In this case, you have double the provisioned concurrency and a single client making requests sequentially. This means that the total latency is still 50 ms (40ms + 10ms), and the system is only seeing 20 requests per second (QPS).

  • Number of clients: 1
  • Provisioned concurrency: 1 -> 2
  • Overhead latency: 10 ms
  • Model execution time 40 ms

Scenario 3: Add another client to the system.

Now you have two clients making requests to an endpoint with two provisioned concurrency. In this case, each client’s request can be independently processed by the endpoint simultaneously (assuming perfect load balancing). So while the total latency is still 50 ms (40ms + 10ms), the system observes 40 requests per seconds, since each client sends 20 qps.

  • Number of clients: 1 -> 2
  • Provisioned concurrency: 2
  • Overhead latency: 10 ms
  • Model execution time 40 ms

Increasing the provisioned concurrency and the number of clients making requests increases the total QPS observed in your system, without a penalty on latency.

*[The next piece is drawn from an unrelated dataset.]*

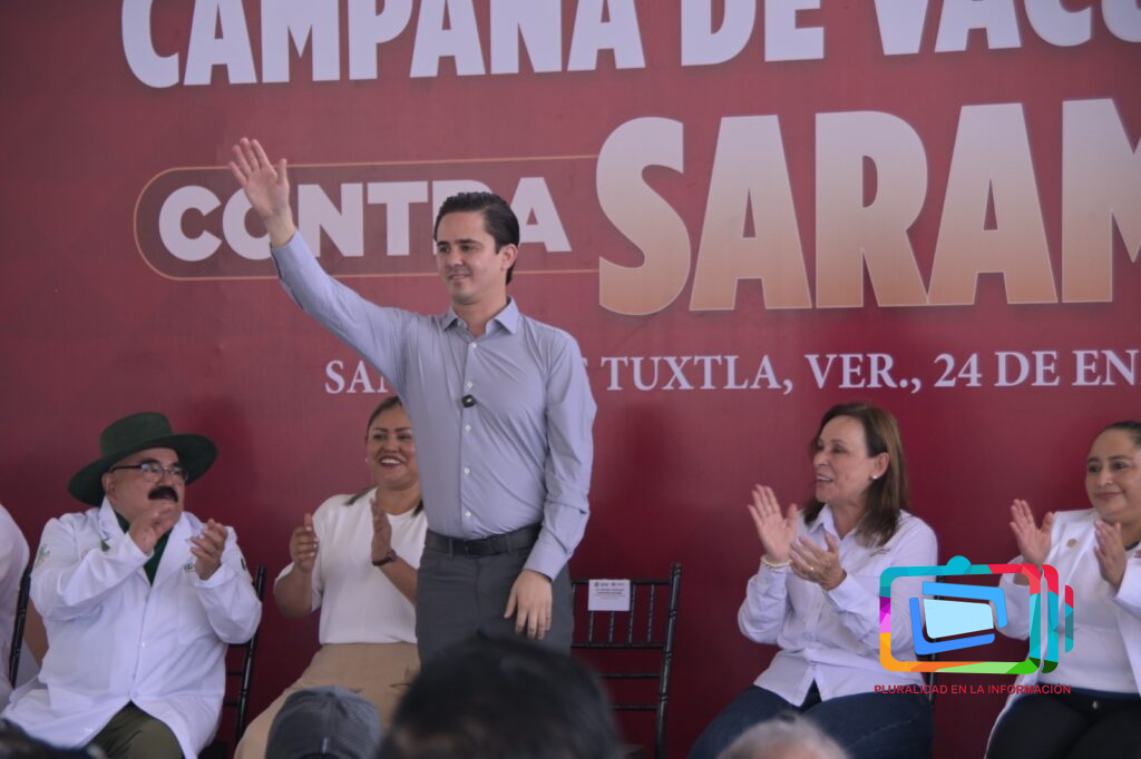 San Andrés Tuxtla, Ver., 24 de enero de 2026.- En un acto de total coordinación entre el Ayuntamiento de San Andrés Tuxtla y el Gobierno del Estado que encabeza la Ingeniera, Rocío Nahle García, arrancó en la ciudad, la campaña estatal de vacunación contra el Sarampión.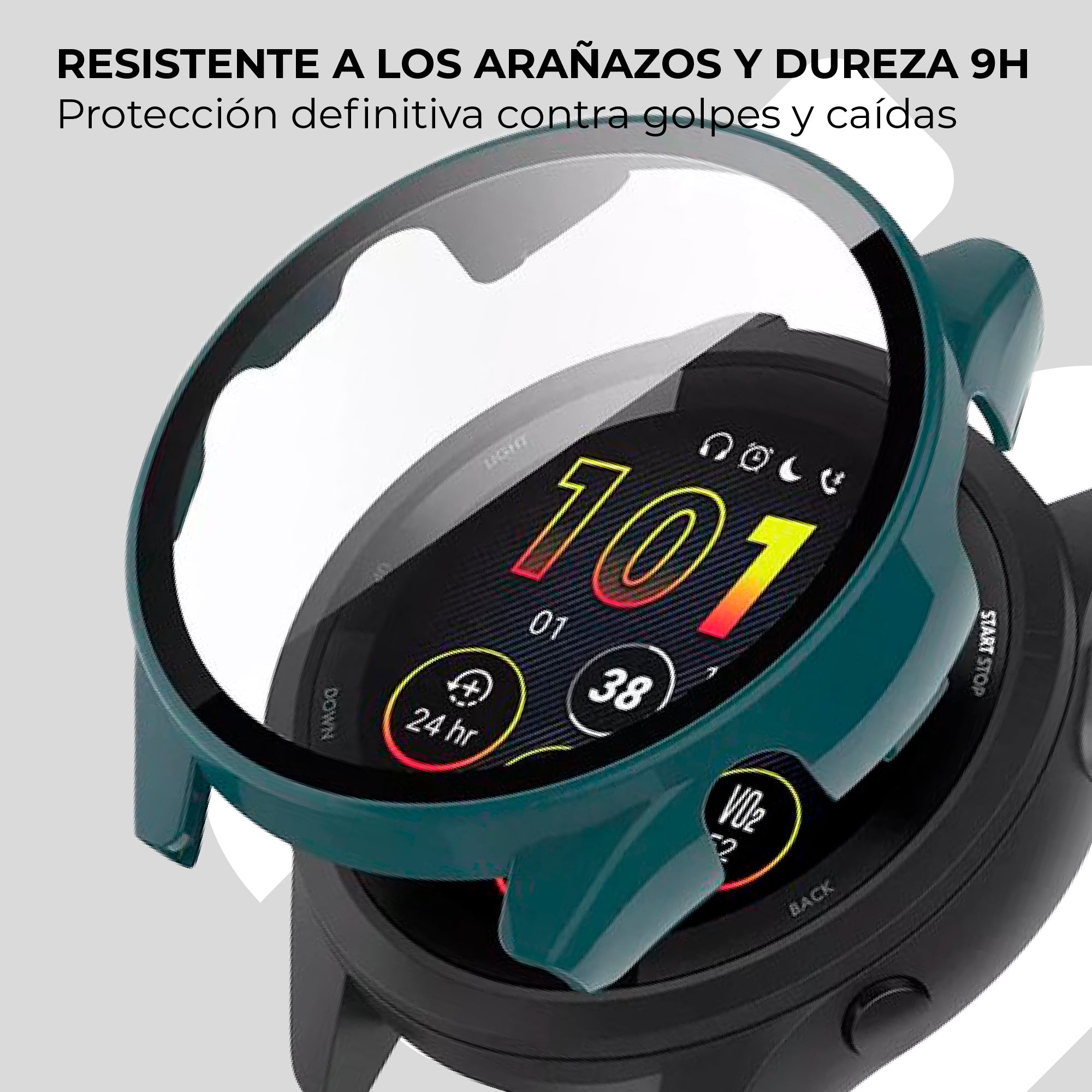 Funda rígida con vidrio Garmin Forerunner 265 (verde)

Scenario 4: Lets reduce the provisioned concurrency

In this last scenario, the number of clients is greater than the provisioned concurrency. This setup introduces another variable, queuing, in the system and its effect on QPS and latency.

  • Number of clients: 2
  • Provisioned concurrency: 2 -> 1
  • Overhead latency: 10 ms
  • Model execution time: 40 ms

Here, you have two clients making requests simultaneously. The endpoint, however, can only process a single request at a time. This forces the second request to wait before the first request has been processed. The waiting, or more correctly, queuing of the second request can adversely affect the latency of the system. Assuming that the server allows queuing (enabled by default in Databricks Model Serving), the second client sees a latency of 90 ms: 10 ms (network overhead) + 40 ms (queuing wait time) + 40 ms (model execution time). This is significantly worse than the 50 ms seen before.